• **Given material**:
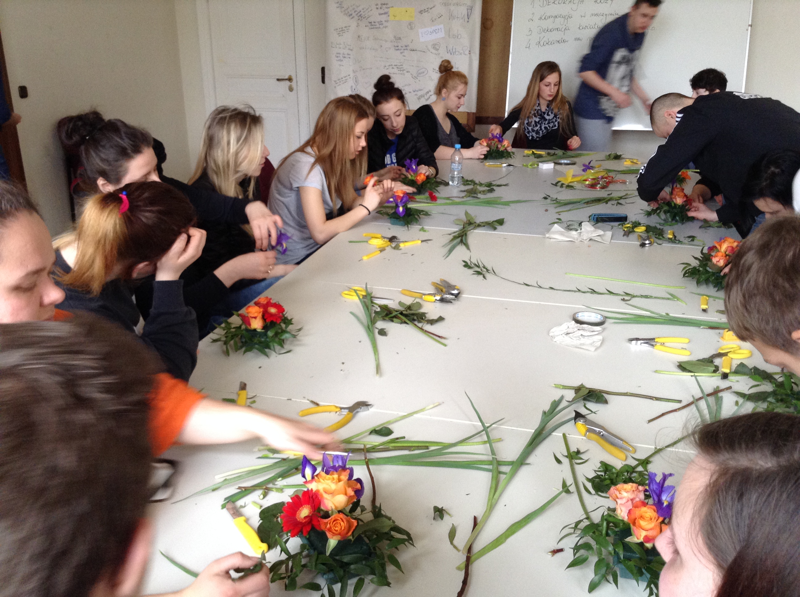 w Trebnitz. Otrzymaliśmy zaproszenie od Pani Beaty Rauch, koordynatorki projektów międzynarodowych dot. współpracy szkół przygranicznych, do poprowadzenia warsztatów florystycznych. Słuchacze Szkoły Policealnej – w ramach zajęć praktycznych – zaprezentowali swoje umiejętności florystyczne. Uczniowie z dwóch szkół z Polski i jednej szkoły z Niemiec w trakcie warsztatów zostali podzieleni na trzy zespoły. W czasie kiedy jedna grupa uczyła się języka, druga baristyki, trzecia – wykonywała kompozycje kwiatowe.
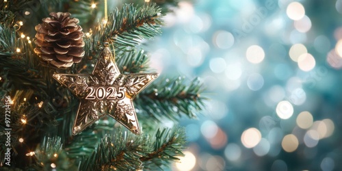 A glittering star ornament with 2025 hanging on a Christmas tree surrounded by warm lights and pinecones in a festive setting
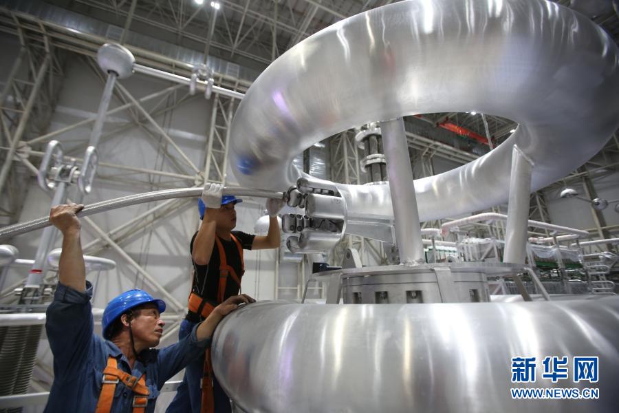 工作人员在乌东德电站送电广东广西特高压多端柔性直流示范工程广东受端龙门换流站安装设备(9月25日摄)。 新华社发(李品 摄)
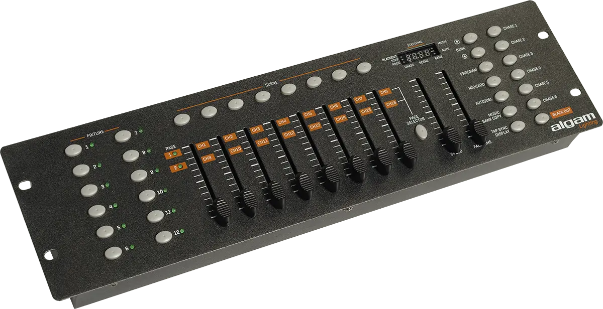 - Number of fader: 8 x 2 banks + 2 SPEED & FADETIME chase controls

• **Required work**: Without including any picture, write out the material above exactly.

• **Answer box**:
 w Trebnitz. Otrzymaliśmy zaproszenie od Pani Beaty Rauch, koordynatorki projektów międzynarodowych dot. współpracy szkół przygranicznych, do poprowadzenia warsztatów florystycznych. Słuchacze Szkoły Policealnej – w ramach zajęć praktycznych – zaprezentowali swoje umiejętności florystyczne. Uczniowie z dwóch szkół z Polski i jednej szkoły z Niemiec w trakcie warsztatów zostali podzieleni na trzy zespoły. W czasie kiedy jedna grupa uczyła się języka, druga baristyki, trzecia – wykonywała kompozycje kwiatowe.
 A glittering star ornament with 2025 hanging on a Christmas tree surrounded by warm lights and pinecones in a festive setting
 工作人员在乌东德电站送电广东广西特高压多端柔性直流示范工程广东受端龙门换流站安装设备(9月25日摄)。 新华社发(李品 摄)
 - Number of fader: 8 x 2 banks + 2 SPEED & FADETIME chase controls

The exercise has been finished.